I am probably going to take a lot of flak for saying this, but I am only being honest about my experiences. Persons who are profoundly affected by autism, generally those who have little to no communication skills whatsoever, can use violence as a means of expressing displeasure with their environment and this is seen with some regularity by those of us who work regularly with children at this end of the spectrum. These are often sad situations where the child has for some reason not received appropriate early intervention services such as special education, speech therapy, occupational therapy, etc., from a young age. This may because of a refugee situation from a country where there simply were no services, this may be because parents were in denial and refused services, this may be because there wasn't adequate funding for services, this may even be because services were provided but were inadequate. In rare instances, sometimes because of concomitant retardation or other disorders, early intervention just isn't enough. The short answer is that wherever we fail to provide a human being with a means of expressing their basic needs and desires, we open the door to the possibility of that person lashing out in socially inappropriate ways.

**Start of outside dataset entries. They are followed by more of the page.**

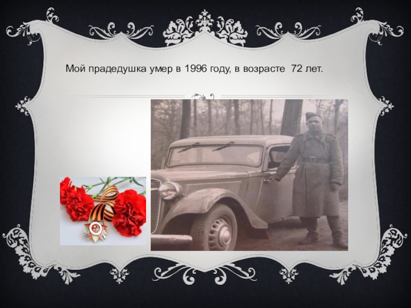 Слайд 9Мой прадедушка умер в 1996 году, в возрасте 72 лет.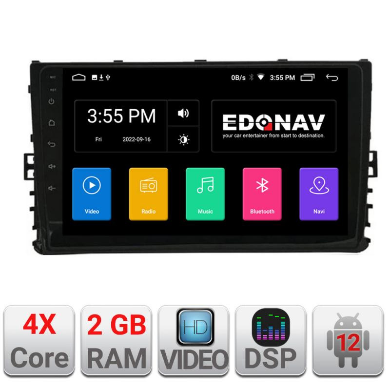 Cu sistem de operare Android 12, procesor 4xCore, Bluetooth încorporat, intrare USB, memorie internă 2GB, ecran tactil capacitiv, radio cu RDS, control comenzi volan, GPS și DSP integrate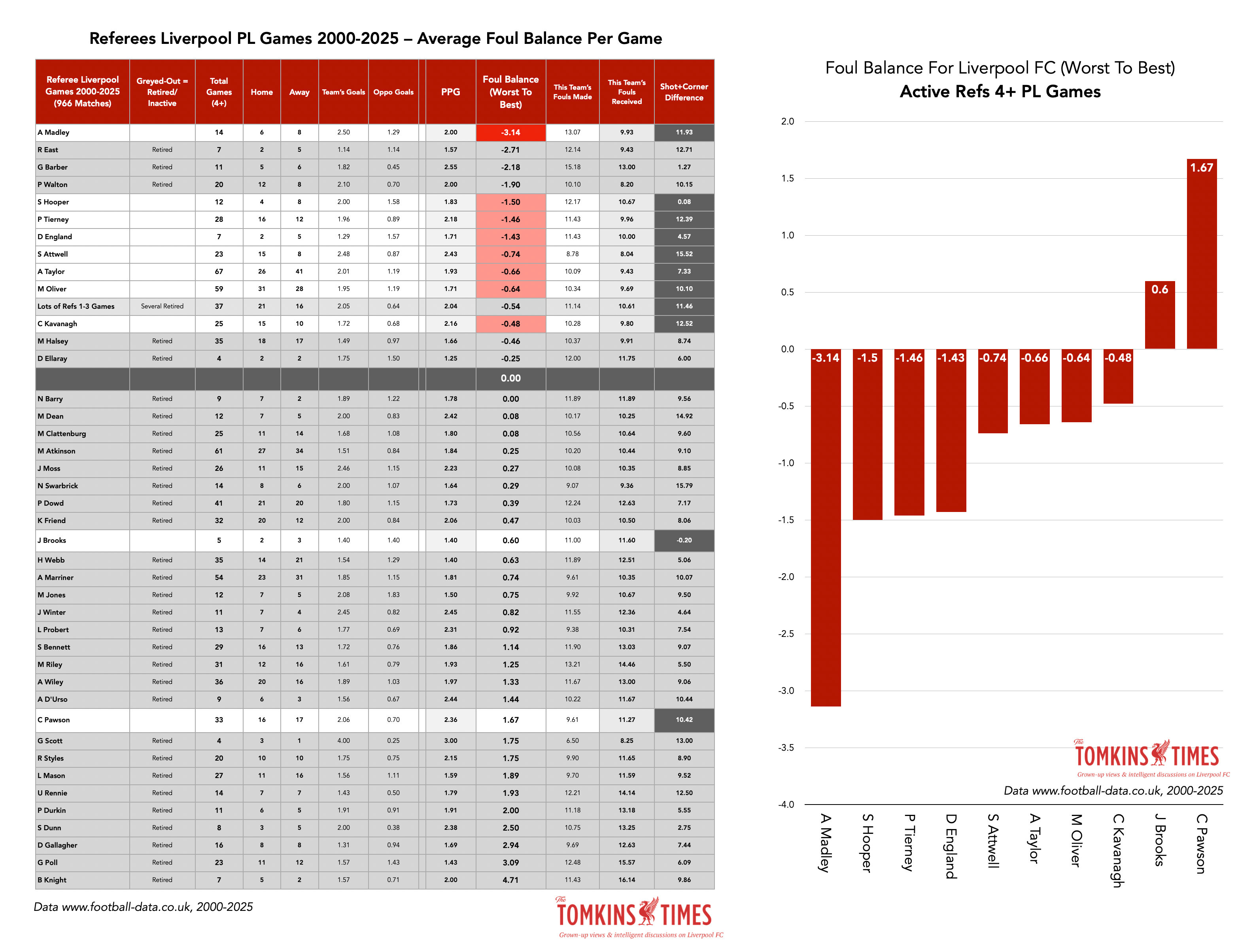 I predicted against Nottingham Forest that Madley would give a bad Foul Balance to the Reds of around -3, as his average, and he did. He gave the Reds only eight free-kicks against a very physical side, and 11 to Forest. Bang-on. I then predicted Craig Pawson would give the Reds a better Foul Balance against Brighton, and he did. I feared Attwell against Sunderland, and he was terrible. I said Brooks might be okay at Spurs, and he was. I feared Chris Kavanagh against Leeds, and I was right to. I correctly predict this shit every week now.

It is hard to comment on an instance that we cannot see. Those on the spectrum are not typically aggressive or violent. However environmental and sensory stressors can cause them to become aggressive as can sensory stimulous that is painful and distressing to them.
I have heard of a couple of instances where a child on the spectrum has been scared of being in the presence of a baby simply because babies are unpredictable and can scream and cry suddenly. That would be unbearable for an autistic child who had auditory sensory difficulties. In one instance I heard of a child that would pinch the baby to make it cry so that he could 'control' when it would make that unbearable noise of crying. In that way it was more bearable for him because otherwise it would just suddenly happen and he could not prepare himself for that sensory onslaught. In both cases the mothers found ways of controlling this ie. wearing ear defenders, warning them if a baby was going to be present, allowing a 'way out' for the autistic child so that they aren't forced to stay in that sensory situation.
In the above case, I can't say why he did that to your son. There will have been a reason, but it is not clear to us. You say that your son and his friend called this other child by name. It might be that at another time someone called his name and then did something to him or called him a name that upset him and your son calling his name triggered that memory and he reacted to that.
But the parents should try to find out what the trigger was. So that they are aware of any potentially dangerous situations, and so that the child can be taught coping strategies.
When an autistic person is overwhelmed and has a meltdown, it is not the same as us getting upset. We can control it, and reason with ourselves, and calm ourselves down. For them it is a sudden overwhelming feeling of drowning in the emotions they are feeling at that time and they cannot control it or stop it. When having a meltdown an autistic person would not necessarily become aggressive, however if they were approached by someone who spoke to them or touched them they might hit back because in that heightened state even a slight touch can feel like they have been hurt.
In this case, as it has happened before, I think they need to find out what is triggering this behaviour.
No Autism hallmark issues are language & social problems...This is serious and not a typical ASD behavior at all...This child needs to get help...That is sad.
I don't believe autism causes violence. It's feeling overwhelmed, panicked, and having no control, that triggers violent outbursts. Imagine being under a ton of stress all of a sudden.
Because many autistic people are often very sensitive to sound/light/etc, that feeling of being overwhelmed can occur more easily than someone who may not overwhelmed so easily. Also it depends on verbal ability and how well the person can tell they are getting stressed. If the 10 year old is not familiar with how he feels as he's starting to get stressed out, then it's going to come all of a sudden... If he is non-verbal, then likely he can't tell you when he's starting to get stressed.